Should I marry if I have doubts?

It depends on how severe your doubts are. You should discover the source of your doubts, either through talking with a trusted friend, family member, or therapist, or through some form of introspection like journaling. The person you marry should build you up, make you happy, and provide a sense of stability. That is not to say that there will not be rough patches, but you should be confident, or at least willing, to work through those rough patches together. You should also try to imagine your life with and without them. Would you feel sorrowful without them, or would you feel some sense of relief? Ultimately, having anxiety or uncertainty before marriage is common. However, if you are having severe doubts, you may be with the wrong partner or have inner work to do before you commit.
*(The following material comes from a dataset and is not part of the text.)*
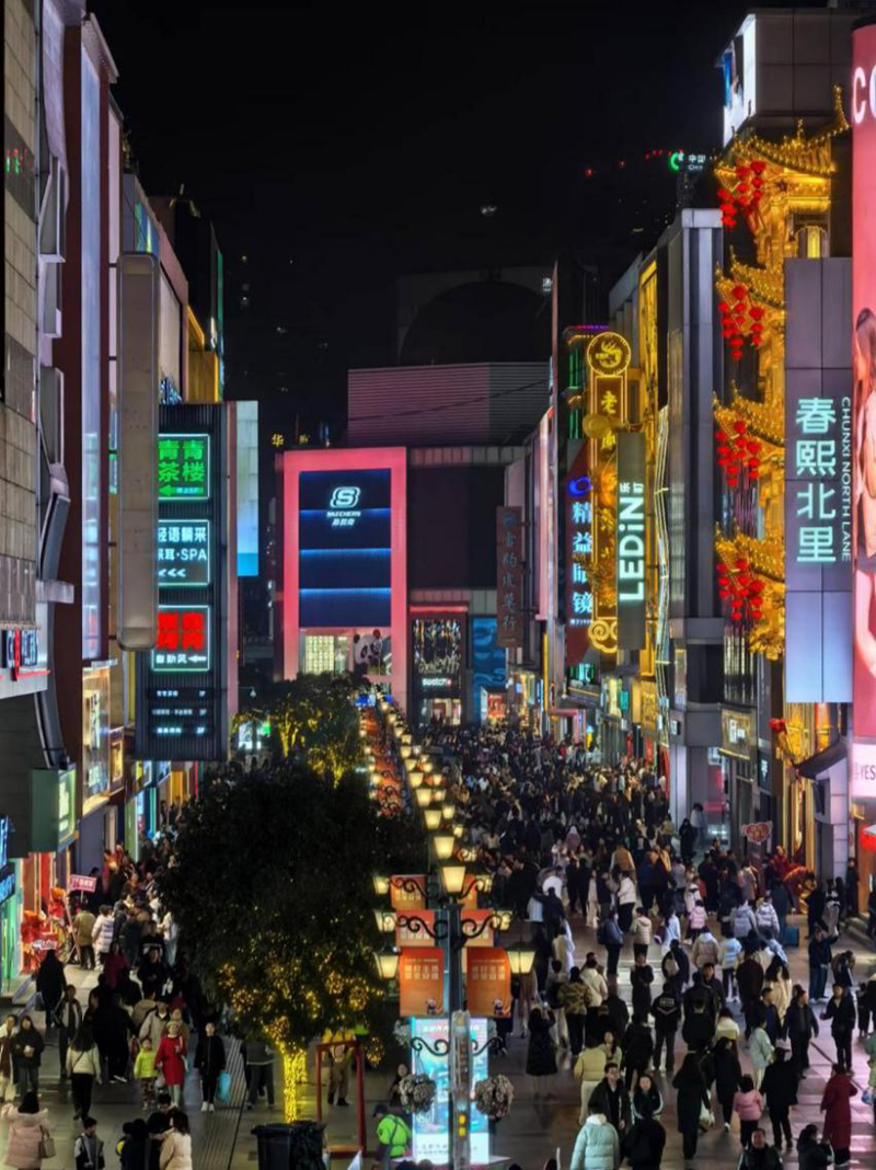 图为2025年1月18日晚,春熙路街道游人如织。求是杂志社 张阳/摄

Why do you get cold feet before marriage?

Most likely, marriage is an entirely new experience for you. Like most new experiences, marriage can cause anxiety and fear of the unknown. You may experience cold feet before proposing, during the course of your engagement, and on your wedding day. This is normal, and you should not let your cold feet be another source of anxiety for you. If you love your partner and have enjoyed sharing your life with them thus far, think of your cold feet as just another challenge that the two of you will overcome together.